Composer: Traditional

Recordings

no info Dave Macon, 1925
info Rural Delivery Number One, The New Lost City Ramblers, 1964
no info Southern Dance Music, Vol. 1, Charlie Poole, 196?
info Down In The Willow, The New Deal String Band, 1970
no info Down Yonder: Old Time String Band Music from Georgia, Gordon Tanner, 1982
no info At Home In 1950, Uncle Dave Macon, 1987
no info Legend Of Charlie Poole, Charlie Poole And The North Carolina Ramblers, 19??
no info Cofer Brothers, 19??
no info Byrd Moore, 19??
no info Binkley Brothers, 19??
no info Dad Pickard, 19??
no info Hoke Rice, (title used Dirty Hangout Where I Stayed), 19??
no info Fun In Life, Uncle Dave Macon, 19??
no info The String Bands, Vol. 1, Various Artists (Charlie Poole), 19??
no info Ernest Stoneman And The Blue Ridge Corn Shuckers, 19??
no info A Corn Licker Still In Georgia, Gil Tanner And His Skillet Lickers, 19??
no info Fresh from the Market, Mitch & Eileen Rice, 2003
info Keep My Skillet Good & Greasy, Uncle Dave Macon, 2004
info Charlie Poole with the North Carolina Ramblers and the Highlanders, Charlie Poole, 2005
info You Ain't Talkin' to Me: Charlie Poole and the Roots of Country Music, Charlie Poole / Various Artists, 2005

Notes

Performed by the Sleepy Hollow Hog Stompers in San Carlos on June 11th 1962.

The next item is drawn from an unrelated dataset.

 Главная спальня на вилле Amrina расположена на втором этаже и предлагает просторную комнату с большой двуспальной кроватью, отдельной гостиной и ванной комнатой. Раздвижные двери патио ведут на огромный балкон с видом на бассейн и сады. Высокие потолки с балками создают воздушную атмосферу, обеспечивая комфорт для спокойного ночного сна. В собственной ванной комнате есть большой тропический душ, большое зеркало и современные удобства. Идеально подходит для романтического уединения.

This song sometimes occurs as Hungry Hash House (Blues), Lonesome Hungry Hash House and Hungry Hash House. A longer version is collected in Ozark Folksongs, by Vance Randolph, with the title The Boardinghouse.

Introduced by the Sleepy Hollow Hog Stompers as first recorded by Charlie Poole and the North Carolina Ramblers. The lyrics used by the Sleepy Hollow Hog Stompers are as follows;

I'm a boarder and I dwell in that second class hotel,
If I stay there long I think I'll be insane,
I lay here on my trunk and I cannot get my bunk,
And (?) (beer?) has been raised up again.

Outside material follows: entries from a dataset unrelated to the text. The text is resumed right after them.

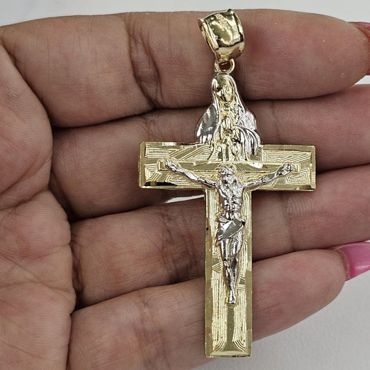 10k Solid Gold virgin Mary Cross Jesus Crucifix Pendant 2.50 Inches Long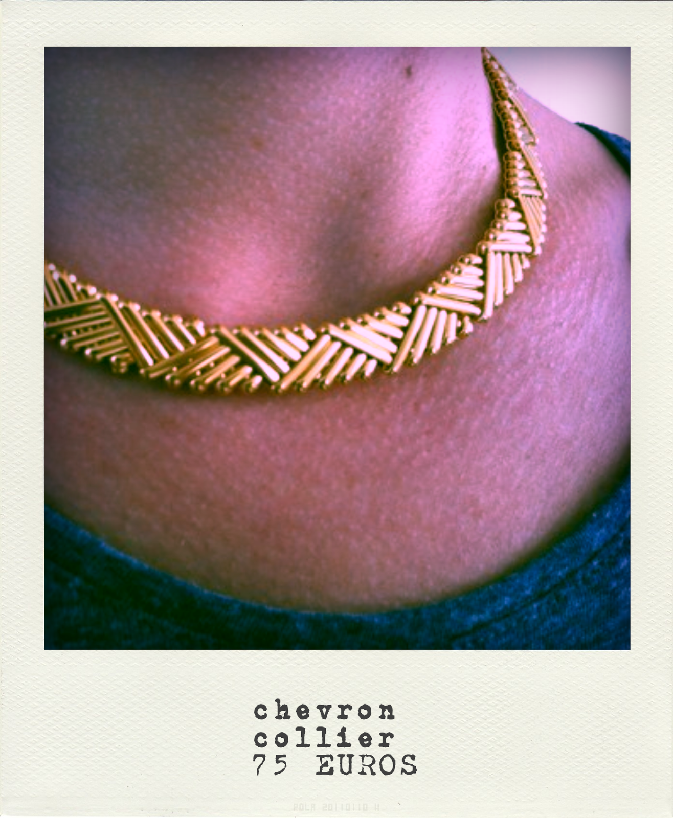 Ne manquez le bijou indispensable de l’été 2014 : le collier ‘Chevron’, joli bijou doré à l’or fin 24 carats.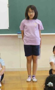 10月10日、令和7年度前期の終了式を行いました。3名の児童が、前期に頑張ったことを話しました。目標をもって取り組んできたことがわかり、一人一人の努力する姿が目に浮かびました。地域の皆さんや保護者の皆さんに支えられて、大きく成長することができました。ありがとうございました。後期もどうぞ、よろしくお願いします。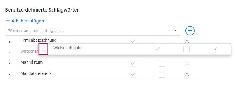Sie haben die Möglichkeit, die Reihenfolge dieser benutzerdefinierten Schlagwörter individuell für die Oberfläche der Eingabemaske in HS Rechnungsprüfung anzupassen.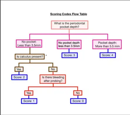 4)    Scoring codes range from 0 to 4. This can be accessed based on the flow table attached. A “*” is recorded when a furcation is involved.

Oh they feed on chicken pie, if you eat it you will die,
The meat you cannot cut it with a sword,
Oh the undertakers hang around for there's work to be found,
In that all go hungry hash house where I board.

Oh they carried me upstairs one night, I'd have needed a gun and knife,
A thing they had never done before,
Oh the fleas held me down while the (?) grubbed around,
In that all go hungry hash house where I board.

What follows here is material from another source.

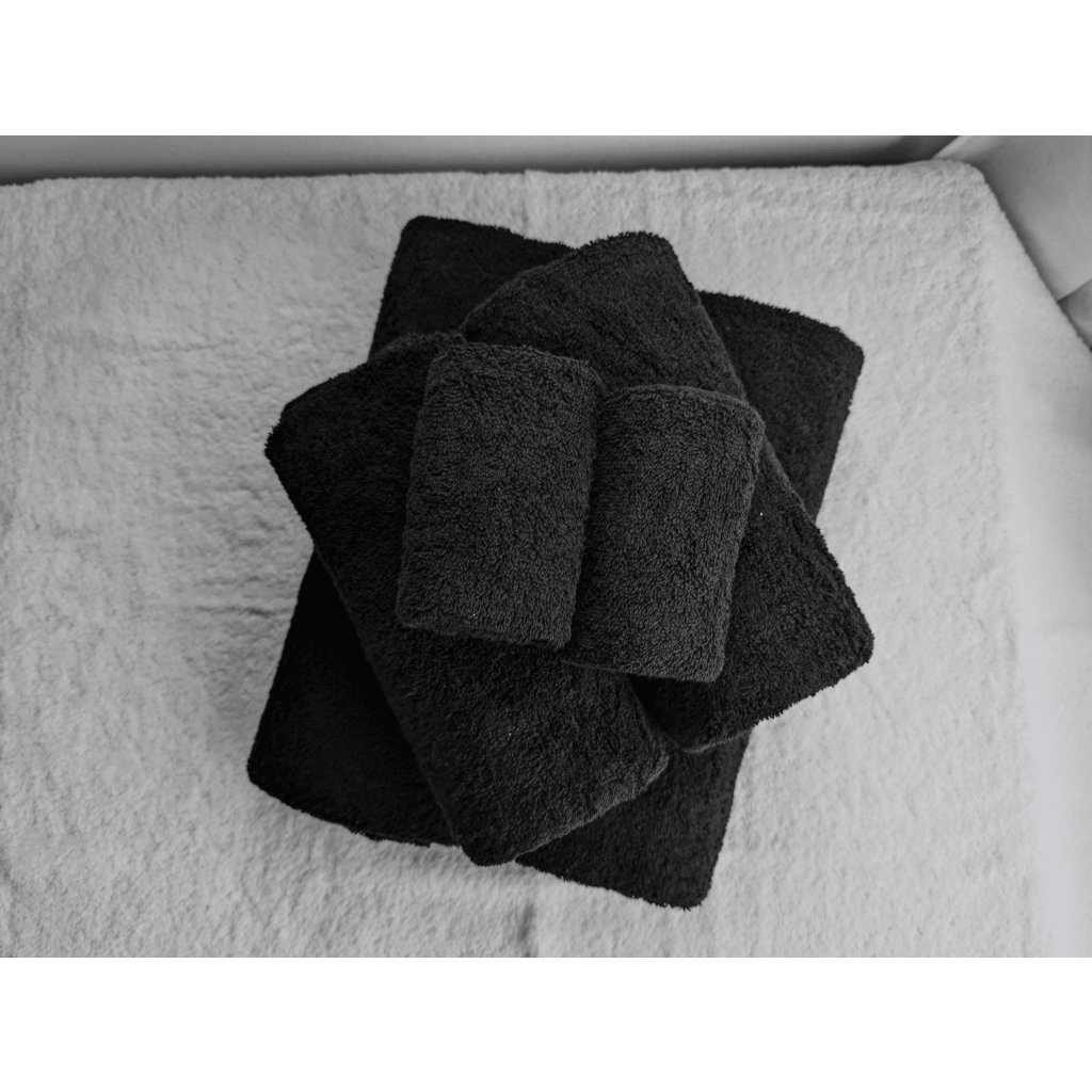 Černé froté ručníky 30x50 ve výhodném balení 10 ks jsou vyrobené ze 100 % bavlny s gramáží 500 g/m2, takže jsou měkké, savé a ideální pro každodenní používání.

Of the beef steak it was rare and the butter had red hair,
And the (baby?) had it's feet both in the soup,
Oh the eggs they would not touch, if you kicked them they would hatch,
In that all go hungry hash house where I board.

Of the beef steak it was rare and the butter had red hair,
And the (baby?) had it's feet all in the soup,
Oh the eggs they would not touch, if you kicked them they would hatch,
In that all go hungry hash house where I board.

The third line of the first verse should be, "I lay here on my bunk and I cannot get my trunk" An early example of getting the words mixed up.

There have been many similar songs, often with specific targets of ridicule. The following example, first 3 verses only, is a miner's song describing living conditions at the Apex Copper Mine near St. George, Utah;

If you'll give your attention and listen to my rhyme
I'll sing about the boarding house up at the Apex Mine
Where they make us Zion biscuits just as hard as any slug
You would of died had you tried old Curly's awful grub

The coffee had the dropsy, the tea it has the gripe
The butter was consumptive and the slapjacks they had fits
The beef was strong as jubilant, it walked upon the floor
The spuds got on their dignity and rolled right out the door

The pudding had the jimjams, the pies was in disguise
The beans came to the table with five hundred thousand flies
The hash was simply murdered, just as hard as dobe mud
We howl, we wail, our muscles fail on Baxter's awful grub.